Jak na ironię, człowiekiem który sprowadził tytoń do Europy był lekarz Francisko Hernandez. To właśnie lekarze byli propagatorami używania tej rośliny, którą dziś z taką samą zagorzałością krytykują. Bezpowrotnie minęły czasy kar cielesnych stosowanych chociażby w Rosji, w której palenie karano batogami i przecinaniem nozdrzy.
Nie musimy się także obawiać kary więzienia, powszechnie wymierzanej w Szwajcarii za łamanie zakazu palenia ( tam nałóg tytoniowy stawiano na równi ze zdradą małżeńską ). Nie wrócą czasy Jakuba I angielskiego króla, prześladującego palaczy podatkami i niełaską.
Dziś mamy Inspekcję Handlową, która ma prawo nakładać mandaty, między innymi za wykroczenia związane z paleniem tytoniu.

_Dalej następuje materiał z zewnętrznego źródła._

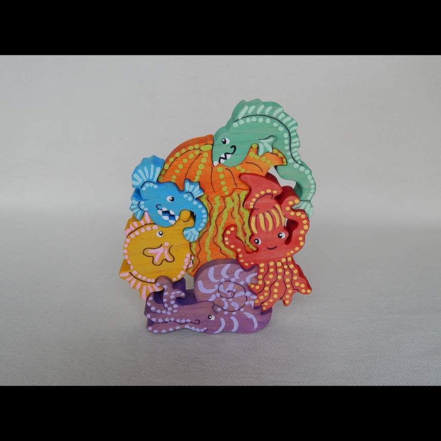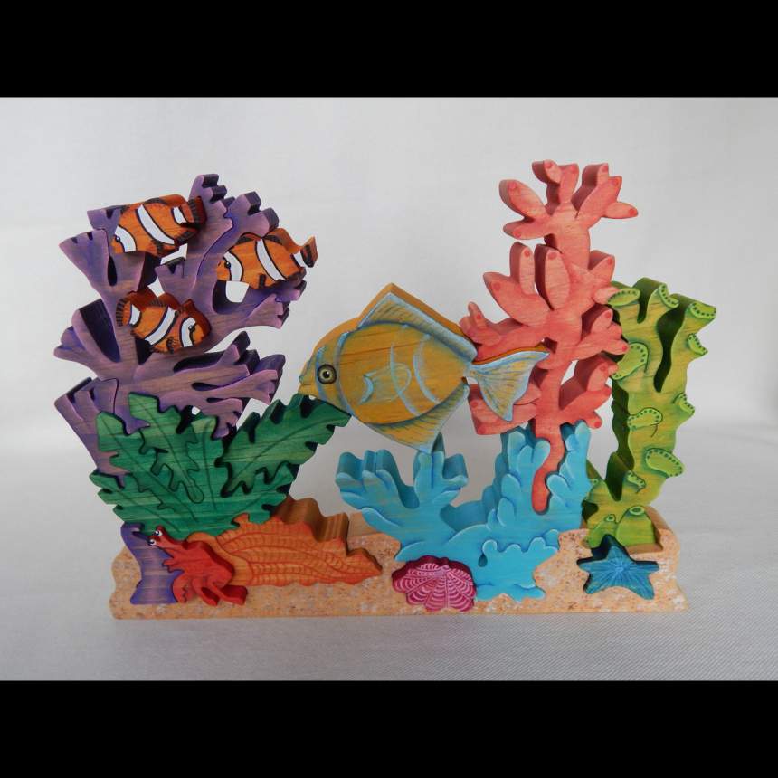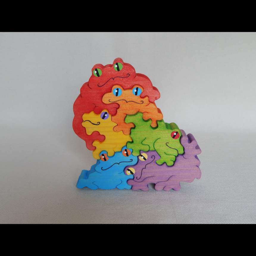 Creating unique and original art puzzles has been our passion since 1984. All of our work is individually cut by hand on a scroll saw, sanded,stained and painted. To share both new and treasured designs continues to bring joy to our hearts. With respect to our natural world as well as human kind, our work is safe and non-toxic. This years images reflect our love of nature, using color, design and our own imagination to bring our puzzles to life.

Zgodnie z art. 5 Kodeksu Wykroczeń, zabrania się palenia wyrobów tytoniowych ( te zaś zdefiniowane zostały jako papierosy, cygara, cygaretki, tytoń fajkowy, machorka i inne zawierające tytoń lub jego składniki, z wyłączeniem środków farmaceutycznych zawierających nikotynę ) poza pomieszczeniami wyodrębnionymi i odpowiednio przystosowanymi w pomieszczeniami zakładu pracy oraz obiektami użyteczności publicznej a w małych, jednoizbowych lokalach gastronomicznych - poza wyraźnie wyodrębnionymi miejscami.
Za wprowadzenie zakazu palenia tytoniu odpowiedzialny jest właściciel lub użytkownik obiektu. Zabroniona jest także sprzedaż wyrobów tytoniowych w automatach, opakowaniach zawierających mniej niż 20 sztuk oraz luzem bez opakowania, a także osobom do lat 18.
Kto zaś dopuszcza na podległym mu terenie do palenia tytoniu wbrew zakazom wymienionym wyżej, bądź sprzedaje wyroby tytoniowe wbrew określonym zakazom, czy też pali wyroby tytoniowe w miejscach objętych zakazami podlega karze grzywny. Bariery prawne stawiane palaczom i przemysłowi tytoniowemu, ustępują przed korzystną ekonomiką, a konsumpcja tytoniu nadal notuje imponujący poziom.